But public transport does work as such in Australian cities, it's just not as convenient for most (exception of city office workers in the larger cities) as driving. I never bother renting a car if I'm in one of the 5 larger Australian cities since there's plenty of trains, trams, ferries and/or buses to get me where I need to go. But that said, as a visitor I'm not generally in a hurry, it just doesn't bother me that the tram or train takes twice as long as it would take to drive (and of course I'd be relying on the GPS to tell me where to go anyway).

But if I was living in one of the bigger cities and doing the same trip every day then there's an incentive to find the fastest and most economical way of doing it. If it's into the city center then driving is costly (due to parking) but for other locations that's not usually such a problem. And driving is, in most cases, faster than public transport. Hence people choosing to drive.


----------



## Junior (8 June 2014)

Agree with Smurf's summation.

I live and work inner east Melbourne, so catch PT a lot and it works well for me.  As Smurf said, as soon as you're not in or near the CBD driving wins.

The size of Melbourne supports significantly expanded underground rail IMO.  Obviously it is a costly exercise and would run at a loss for some time, but long term would be heavily utilised and reduce reliance on cars.  Wherever a new station is built could support high density housing in that immediate area, reducing the never-ending urban sprawl and reducing reliance on cars & roads.  Expand bike lanes and aim to reduce the number of cars in and near CBD, improve air quality and quality of life!


----------



## Smurf1976 (8 June 2014)

For the info of the OP and anyone else not living in Australia, public transport systems in Australian state and territory capital cities. Population rounded to the nearest 0.1 million.

Note - Trains in Australian cities are electric on suburban routes except Adelaide (diesel but they are converting some to electric). Trains for longer distances are, in general, diesel. Buses generally have diesel engines, although a significant number of natural gas powered buses are in use in Australian cities also.

Sydney (population 4.7 million) - train, bus, ferry are the main means. Plus there's a small light rail (tram) system near the city center.

Melbourne (population 4.3 million) - train, tram are the main means, plus buses in areas not near a train or tram line (eg catch bus to train station, then take train to city). Trams are a well known and somewhat iconic feature of Melbourne - tourists tend to take photos of them and go for a ride for the sake of it. Melbourne's tram network is the largest in the world at present.

Brisbane (population 2.2 million) - train, bus and ferry.

Perth (population 1.9 million) - train, bus.

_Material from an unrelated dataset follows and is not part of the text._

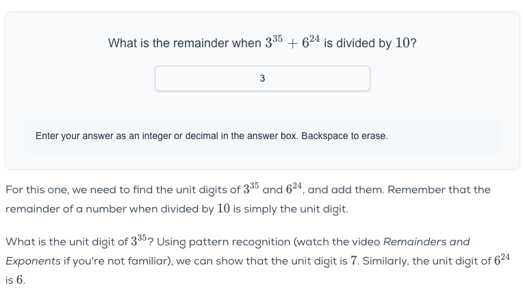 I’m having trouble with recognizing the correct pattern in addition with large exponents. For example, this remainders and exponents question.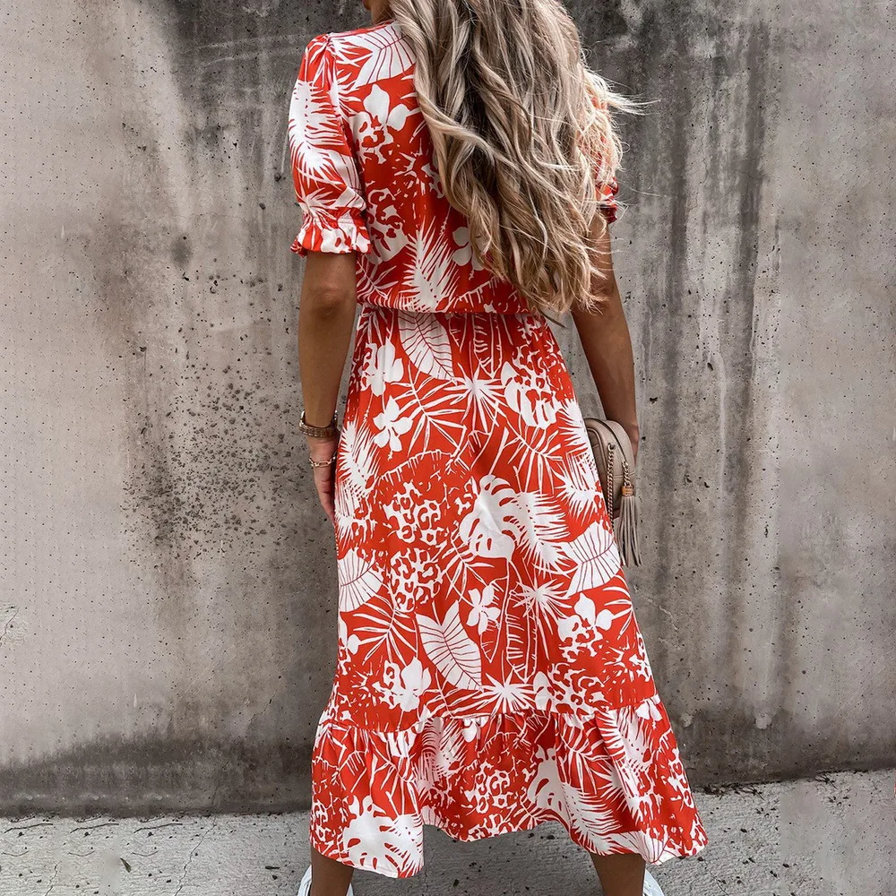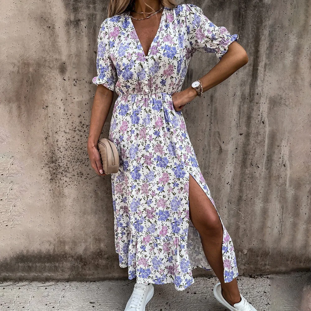 Модное женское элегантное платье с V-образным вырезом и цветочным п...

Adelaide (population 1.3 million) - bus, train and there's a single tram line (extended a few years ago) which is fairly heavily used especially within the city center area. Adelaide also has a somewhat unusual bus "track" - the O-Bahn. It's basically a concrete track-like road that buses (with minor modifications to make them compatible) run on, then the same bus continues on ordinary roads right into the city center. It has stations along the track in a similar manner as you have stations with a train system. Video of it is here (not the most exciting video but shows how it works). http://www.youtube.com/watch?v=vPhhbF0Ms7g

Canberra (population 0.4 million) - bus. Notable point about Canberra is that it basically doesn't have traffic congestion, at least not to any significant extent.

Hobart (population 0.2 million) - bus is the main means and there's a very minor privately owned ferry service (it's a very small operation though). Hobart has relatively minor traffic congestion during peak periods, though not to the point that most would consider it a problem - worst case it adds a few minutes to your trip.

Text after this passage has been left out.